Q.  Who can be a beneficiary?
A.
  The account can be opened for the benefit of any U.S. citizen or legal U.S. resident, including the account owner. The beneficiary needs to be related to the account owner. There can only be one beneficiary per account, and there is no age limit to the beneficiary.


Q.  Can I change the beneficiary on my 529 account?
A.
  Yes. The account owner can change the beneficiary of a 529 account at any time. To avoid federal income tax and a 10% federal tax penalty on earnings, the new beneficiary must be a member of the family of the previous beneficiary.


Q.  Who qualifies as a member of the family?
A.
  Generally, a member of the family includes the beneficiary's immediate family. The following individuals are considered to be members of the family:
  • A son or daughter or a descendent of either
  • A stepson or stepdaughter
  • A brother, sister, stepbrother or stepsister
  • A father or mother or an ancestor of either
  • A stepfather or stepmother
  • A brother or sister of the father or mother
  • A son or daughter of a brother or sister
  • A son-in-law, daughter-in-law, father-in-law, mother-in-law, brother-in-law or sister-in-law
  • The spouse of the beneficiary or the spouse of any individual described above
  • A first cousin of the beneficiary
A legally adopted child is treated as the child of the adoptive parent as if by blood. The terms "brother" and "sister" include half brothers and sisters.


Q.  What if the beneficiary does not use the account for higher education expenses?
A.
  The account owner may select a new beneficiary who is a member of the family of the previous beneficiary without income tax or penalty.
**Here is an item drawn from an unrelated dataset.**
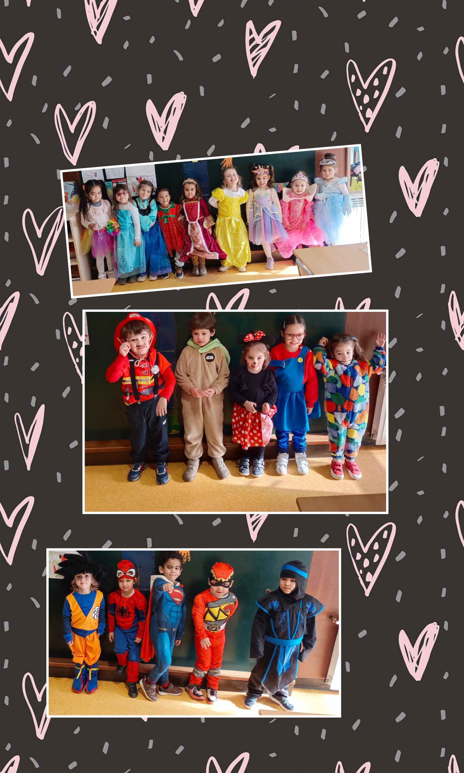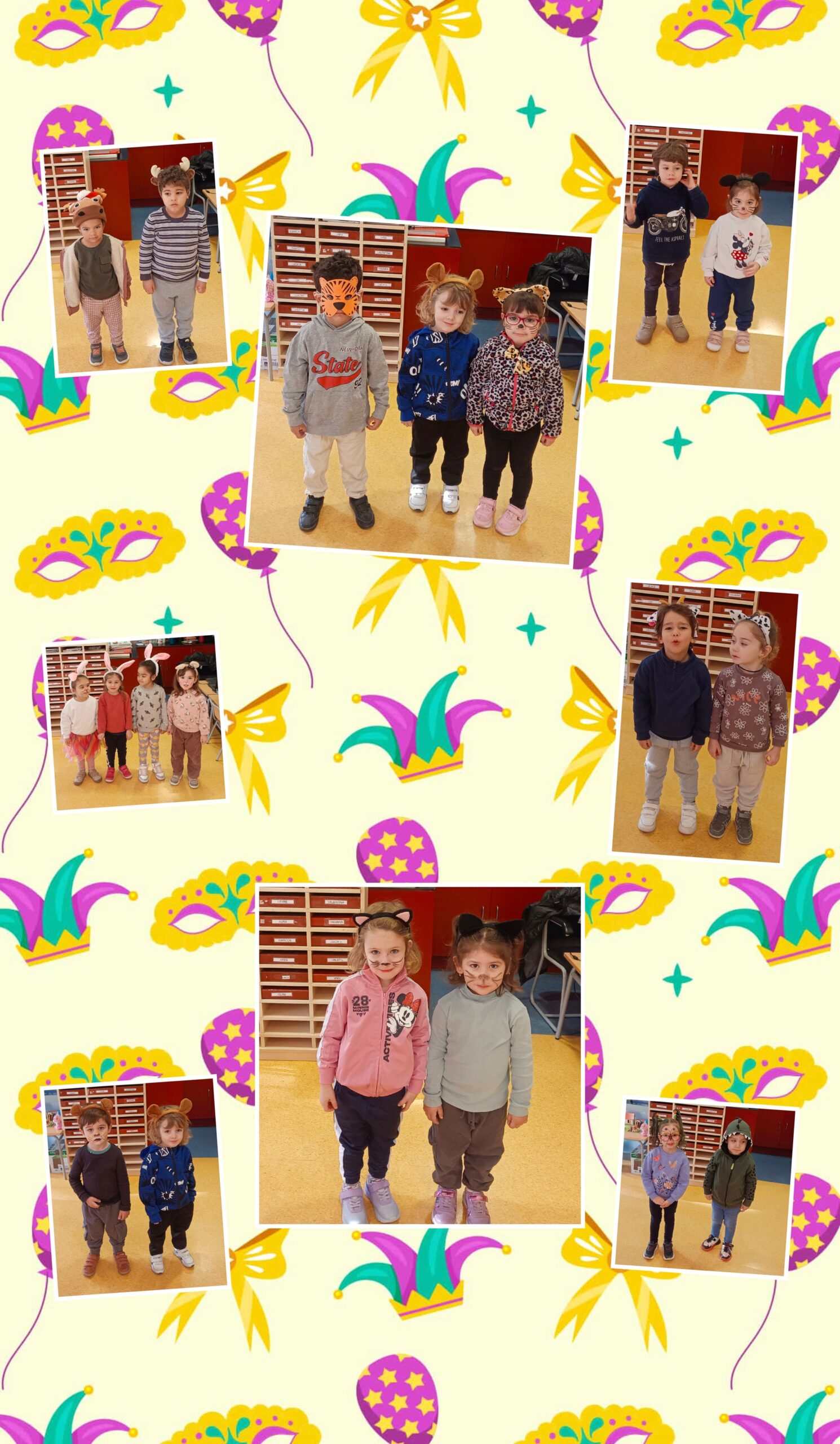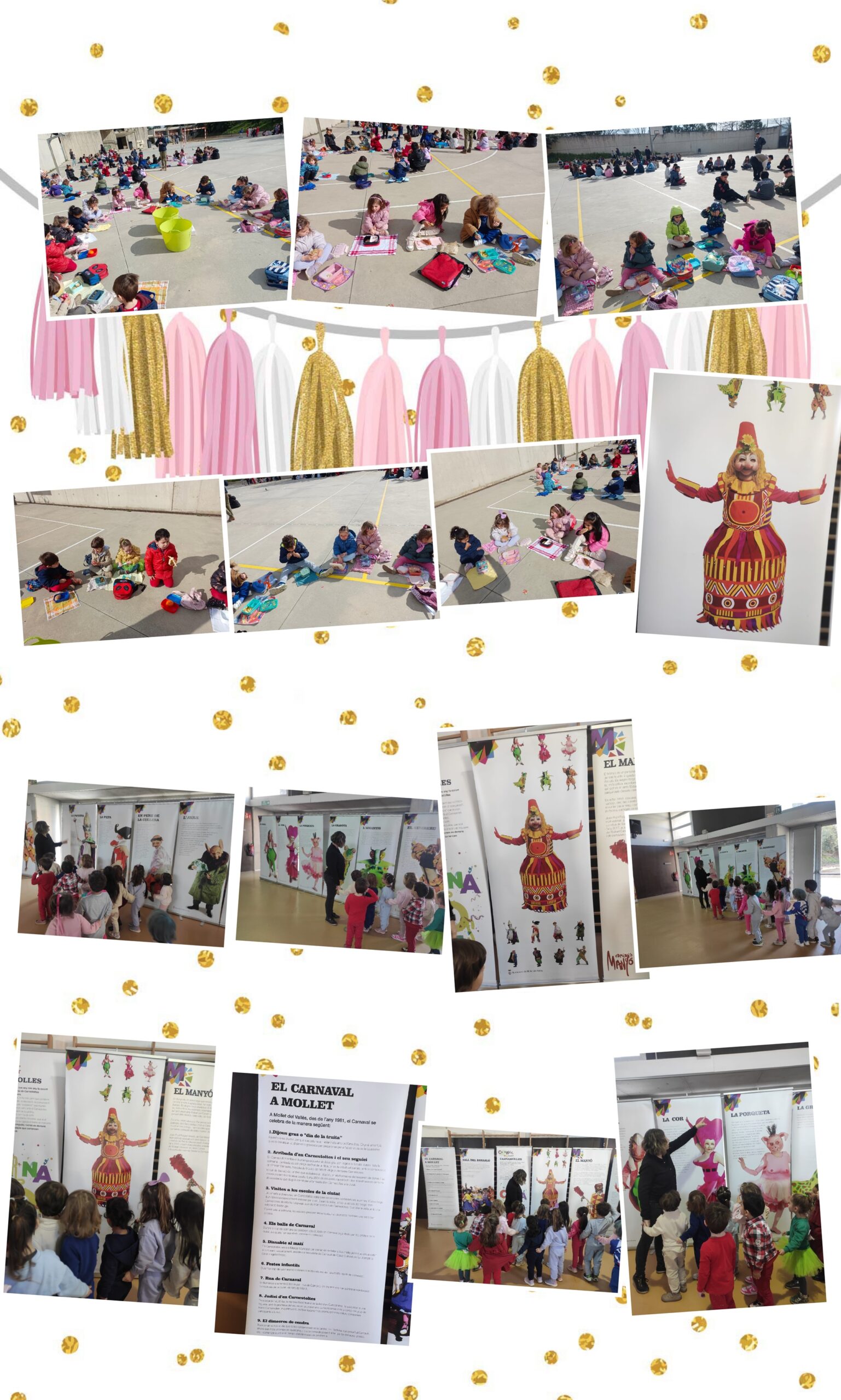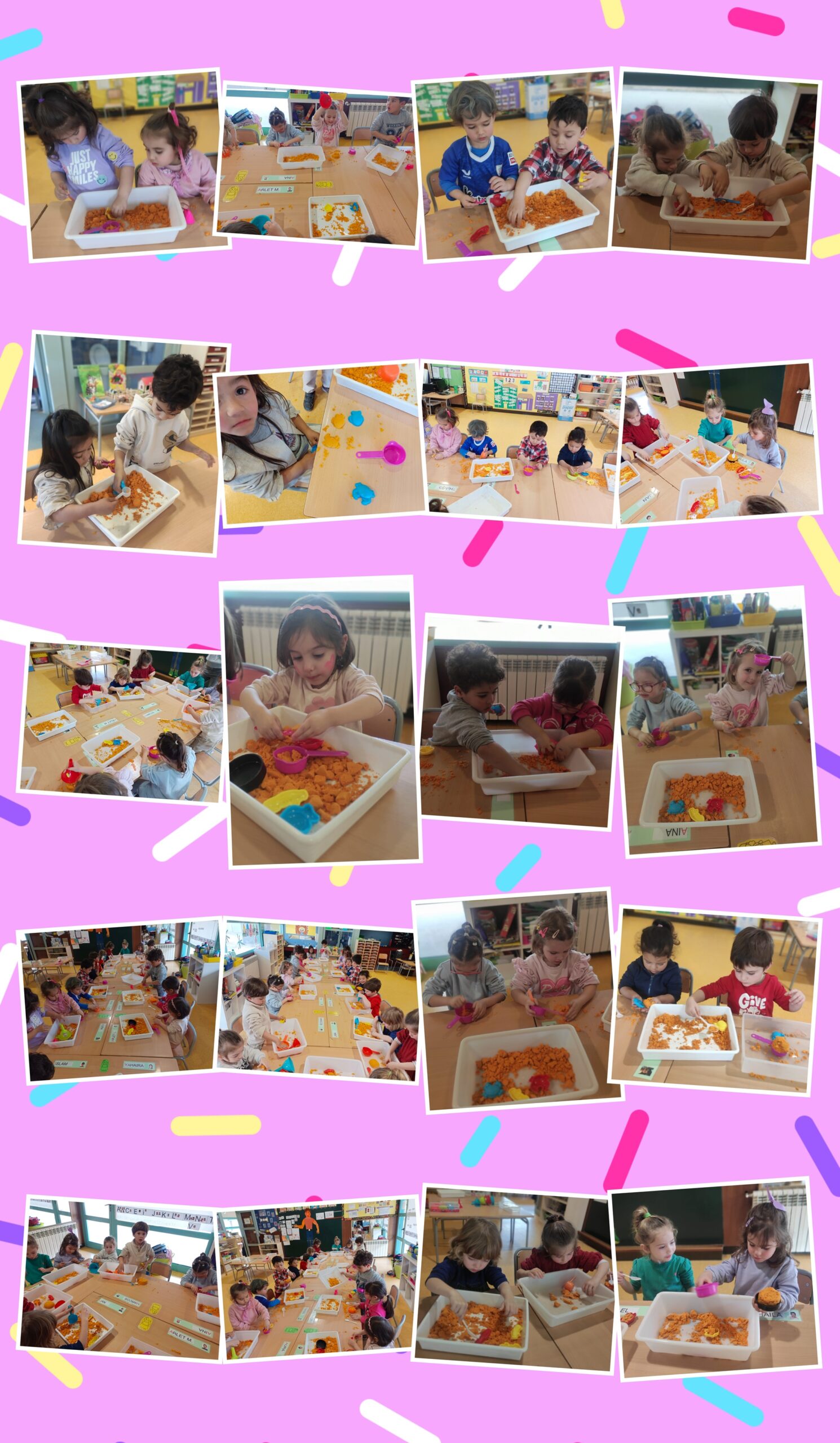 Aquí teniu la setmana del carnaval on cada dia anàvem d’una consigna diferent, i el divendres a la rua tots disfressats, amb una disfressa ben maca. Va ser una setmana boja, però ens ho vam passar molt bé. També vam aprofitar aquella setmana per experimentar amb sorra cinètica de color taronja.

In the alternative, the account owner may withdraw the funds, but will have to pay federal tax and a 10% federal tax penalty on the earnings.
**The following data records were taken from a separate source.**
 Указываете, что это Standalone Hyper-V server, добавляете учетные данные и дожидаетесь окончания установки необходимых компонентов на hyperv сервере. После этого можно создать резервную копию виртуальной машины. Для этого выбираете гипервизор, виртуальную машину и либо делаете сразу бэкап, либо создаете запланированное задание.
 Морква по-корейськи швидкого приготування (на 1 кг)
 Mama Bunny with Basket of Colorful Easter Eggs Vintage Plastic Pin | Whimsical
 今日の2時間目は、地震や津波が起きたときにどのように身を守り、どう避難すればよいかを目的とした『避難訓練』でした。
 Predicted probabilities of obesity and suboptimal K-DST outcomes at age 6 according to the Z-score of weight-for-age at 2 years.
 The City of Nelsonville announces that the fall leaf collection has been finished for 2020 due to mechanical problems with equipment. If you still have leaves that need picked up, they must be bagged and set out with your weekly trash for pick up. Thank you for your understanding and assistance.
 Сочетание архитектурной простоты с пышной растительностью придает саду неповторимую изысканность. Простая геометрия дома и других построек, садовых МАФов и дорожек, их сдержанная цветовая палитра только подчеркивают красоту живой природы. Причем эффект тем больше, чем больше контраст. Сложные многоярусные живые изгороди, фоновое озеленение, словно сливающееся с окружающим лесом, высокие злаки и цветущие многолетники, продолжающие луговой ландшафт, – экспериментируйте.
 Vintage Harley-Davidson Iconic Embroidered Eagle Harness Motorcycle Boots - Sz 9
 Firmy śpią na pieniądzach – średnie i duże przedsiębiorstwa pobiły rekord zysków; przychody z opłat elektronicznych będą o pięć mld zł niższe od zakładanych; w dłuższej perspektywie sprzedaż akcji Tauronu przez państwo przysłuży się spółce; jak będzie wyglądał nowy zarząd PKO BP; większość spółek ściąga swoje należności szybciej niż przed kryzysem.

Q.  What is considered a qualified higher education expense?
A.
  Qualified higher education expenses are expenses allowed under Section 529, including:
  • Tuition, all mandatory fees and the costs of required textbooks, supplies and equipment required for the enrollment or attendance of a beneficiary at an eligible educational institution.
  • The costs of room and board of a beneficiary during any academic period during which the beneficiary is enrolled at least half-time in a degree, certificate or other program that leads to a recognized educational credential awarded by an eligible institution.
To be considered qualified higher education expenses, room and board costs may not exceed the following amounts:
  • For students living on campus, account withdrawals may be used to pay up to the actual invoice amount for room and board at the institution.
  • For students who live with a parent or guardian, account withdrawals may be used to pay up to the amount determined by the eligible educational institution for the room and board allowance for students who live with a parent or guardian in its cost of attendance for that academic term.
  • For all other students living off campus, account withdrawals may be used to pay up to the amount determined by the eligible educational institution for the room and board allowance for students who live off campus in its cost of attendance for that academic year.
Existing school loans are not considered qualified higher education expenses.


Q.  What is an eligible educational institution?
A.
  An eligible institution is one that is eligible to participate in a student financial aid program under Title IV of the Higher Education Act of 1965. Most community colleges, public and private colleges, universities and vocational schools in the United States are eligible educational institutions. Some foreign institutions are also eligible. You cannot use the account for a private elementary or high schools.


Q.  Can I use my 529 account assets to pay for graduate school?
A.
  Yes. You can use the assets for undergraduate and graduate school as well as specialized training, such as medical school or law school.


Q.  Is there a time limit for using the assets in a 529 account?
A.
  Yes. The account owner must use the assets in the account or designate a new beneficiary within 30 years after the beneficiary graduates from high school or within 30 years after opening the account, whichever comes later.